Court Opinion

ID: 9833890
Source: CourtListenerOpinion
Date Created: 2023-09-01 23:07:18.341062+00
Date Added: 2024-06-11T07:44:08.580514
License: Public Domain

On Motion for Rehearing.
In the original opinion filed in this court on the 9th day of May, 1916, we stated:
*1031“That as appellant was the owner of the notes in question long after they became due, and although he had an opportunity to do so, he had brought no suit to collect the sum due on the notes, the transferee of the same was not required to exercise that degree of diligence in fixing the liability of the indorser which he would have been required to exercise if said notes had been transferred to him before maturity, but should be required to exercise such reasonable diligence only as was_ apparently necessary, under all the facts and circumstances of the case, to protect the indorser from loss by delay in bringing suit, and that appellee did exercise such diligence”
—and in support of such statement we quoted with approval a portion of the opinion in the case of Chadwick v.
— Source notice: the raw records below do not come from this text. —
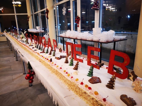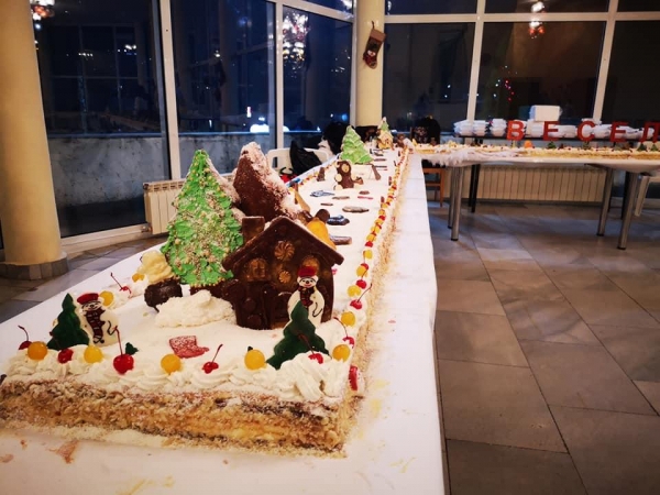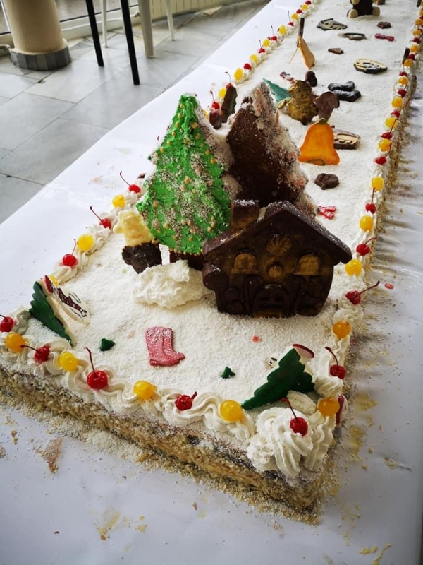 В навечерието на коледните и новогодишните празници ученици и учители от Професионална гимназия “Велизар Пеев“ приготвиха коледна торта за децата и гражданите на Своге.
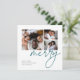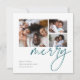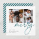 Compartilhe alegria com esses cartões de natal coloridos e modernos, com 3 de suas fotos favoritas (um quadrado e duas pequenas horizontais ou paisagens orientadas). A "Feliz" aparece em um roteiro casual, moderno, escrito à mão, em uma bela joia de tom teal. Personalize com seu cartões de natal personalizado, seu nome de família e o ano na base. Uma escolha de olhar em forma quadrada única e arredondada para as suas saudações de Natal de 2021.
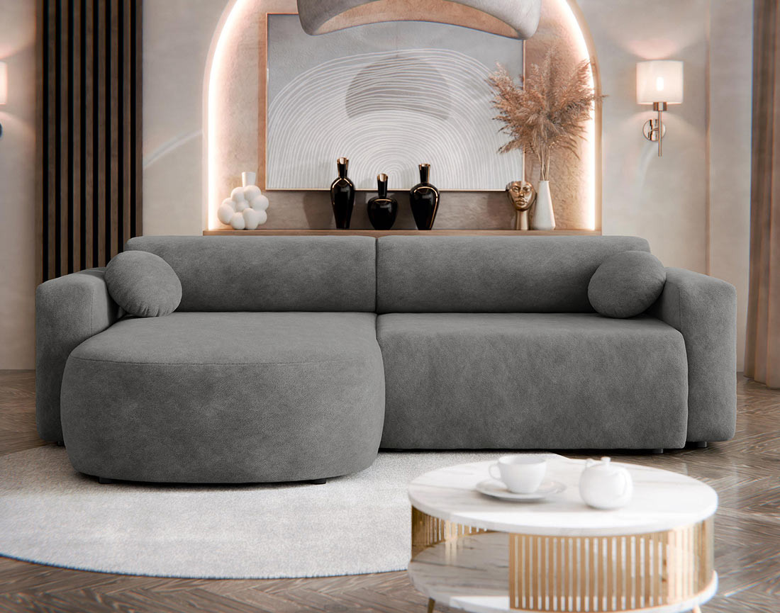 Avec ses lignes arrondies et son design tout en douceur, le canapé d'angle Brunello insuffle une atmosphère chaleureuse et raffinée à votre intérieur. Son tissu délicatement doux au toucher invite à la détente, tandis que ses coussins ronds inclus apportent une note d’élégance et de confort supplémentaire. Pensé pour s’adapter à votre espace, son angle réversible vous permet de moduler votre agencement selon vos envies, pour un salon toujours harmonieux et accueillant.
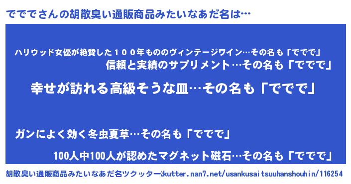 | ヘコむあだ名 | 『つくし』『ででお』『ででで(苦笑)』 |
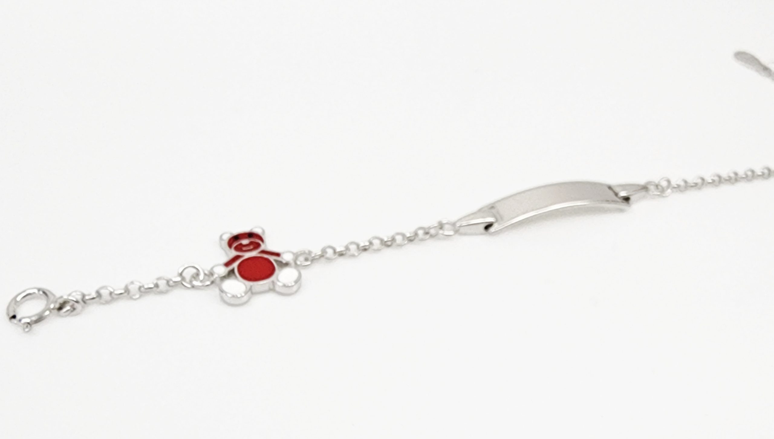 This charming children’s ID bracelet is beautifully crafted in genuine 925 sterling silver, making it both durable and safe for everyday wear. The bracelet features a playful teddy bear charm, seamlessly set between the delicate belcher-style links. The teddy bear is adorned with a red and white enamel finish, giving it a bright, cheerful character that kids will love.
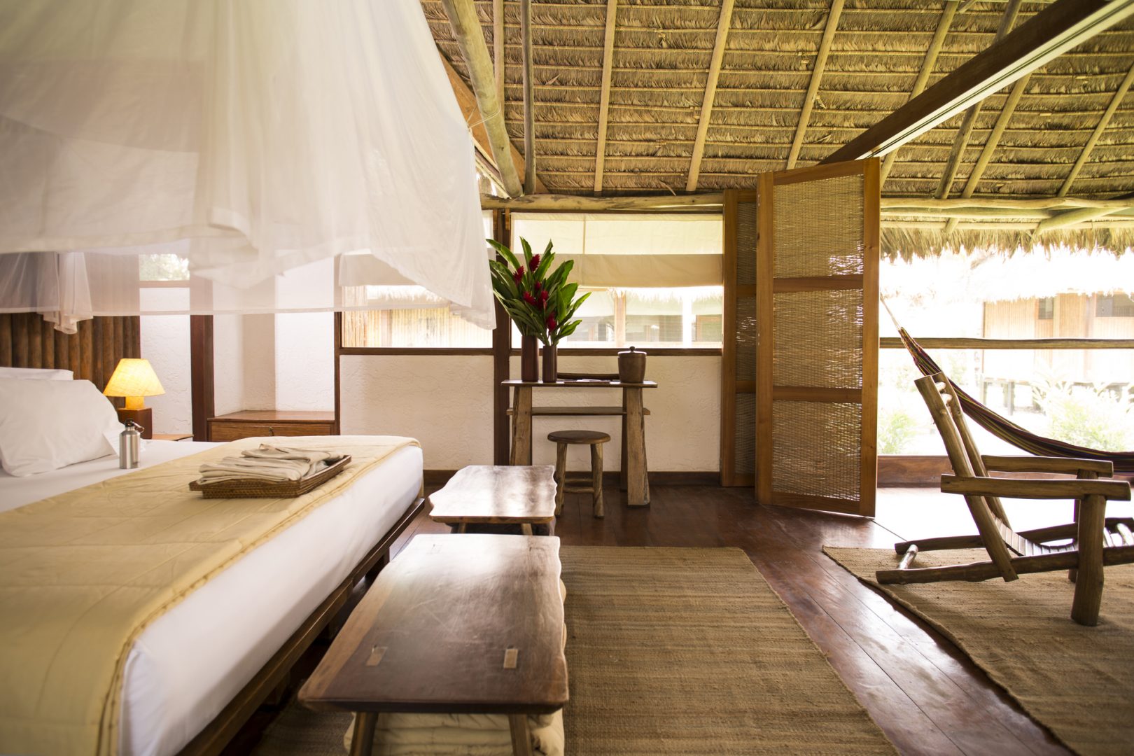 The Inkaterra Reserva Amazonica sits at the edge of a private ecological reserve on the banks of Peru's Madre de Dios River. It features 35 thatched-roof cabanas with terraces and hammocks. For a truly unique experience, the Inkaterra Canopy Walkway, a bridge system 90 feet above the ground, allowing adventurers to enjoy a privileged view of the Amazon.
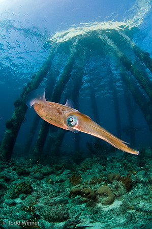 This squid is just inches in front of the dome port. Nice choice of background, and use of vertical lines. Photo by Todd Winner.
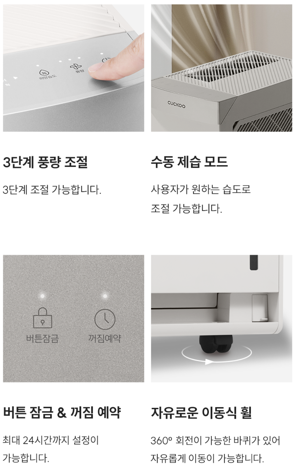 - 원하는 실내 습도를 설정하면, 자동으로 목표 습도에 도달하도록 작동합니다.
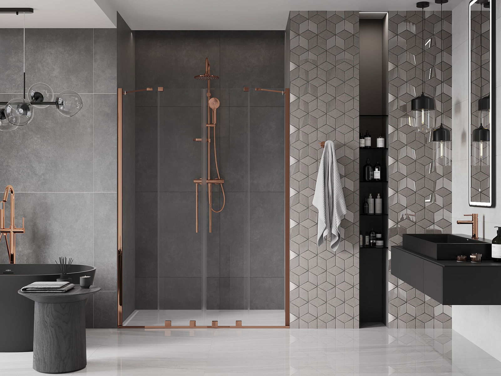Mexen Velar Duo portas de duche de correr 160 cm, transparente, ouro rosa - 871-160-000-02-60

Jeffers, 1 Rich. Law (S. C.) 397, 44 Am. Dec. 200. Upon further consideration, on motion for rehearing, we have concluded that such statement, and the rule quoted from Chadwick v. Jeffers, supra, is not the law of this state as' made by our statutes or by the decisions of our courts. We therefore recede from such holding.
But as we still think the judgment of the trial court was properly affirmed for the other reasons given in our opinion, the motion for rehearing is overruled.